To do that, we’ll want to mix the beginning and ending lat-lon areas and filter out endpoints that share the similar cell as their corresponding beginning factors. In any other case, we’ll “double-dip” when counting. The code for it is a bit lengthy, so I’ve saved it on this Gist.

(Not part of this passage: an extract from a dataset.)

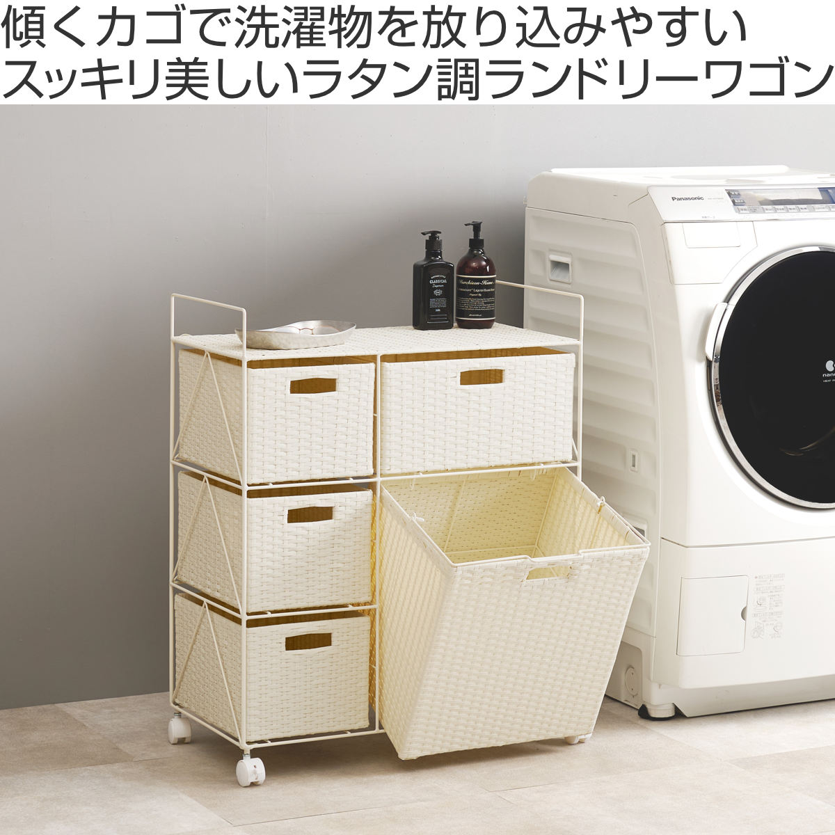 傾くカゴで洗濯物を放り込みやすいランドリーワゴン 幅65cm

Right here’s a comparability of the “begin solely” map with the mixed beginning and ending areas:

The prevailing winds drive most tornadoes towards the east and northeast. You may see the influence in states like Missouri, Mississippi, Alabama, and Tennessee. These areas have brighter cells within the backside map attributable to tornadoes beginning in a single cell and ending within the adjoining easterly cell. Word additionally that the utmost variety of tornadoes in a given cell has elevated from 29 (within the higher map) to 33 (within the backside map).
Recap
We used Python, pandas, GeoPandas, and Matplotlib to undertaking and overlay heatmaps onto geographical maps. Geospatial heatmaps are a extremely efficient method to visualize regional tendencies, patterns, hotspots, and outliers in statistical information.
When you take pleasure in these kinds of tasks, make sure you try my guide, Real World Python: A Hacker’s Guide to Solving Problems with Code, accessible in bookstores and on-line.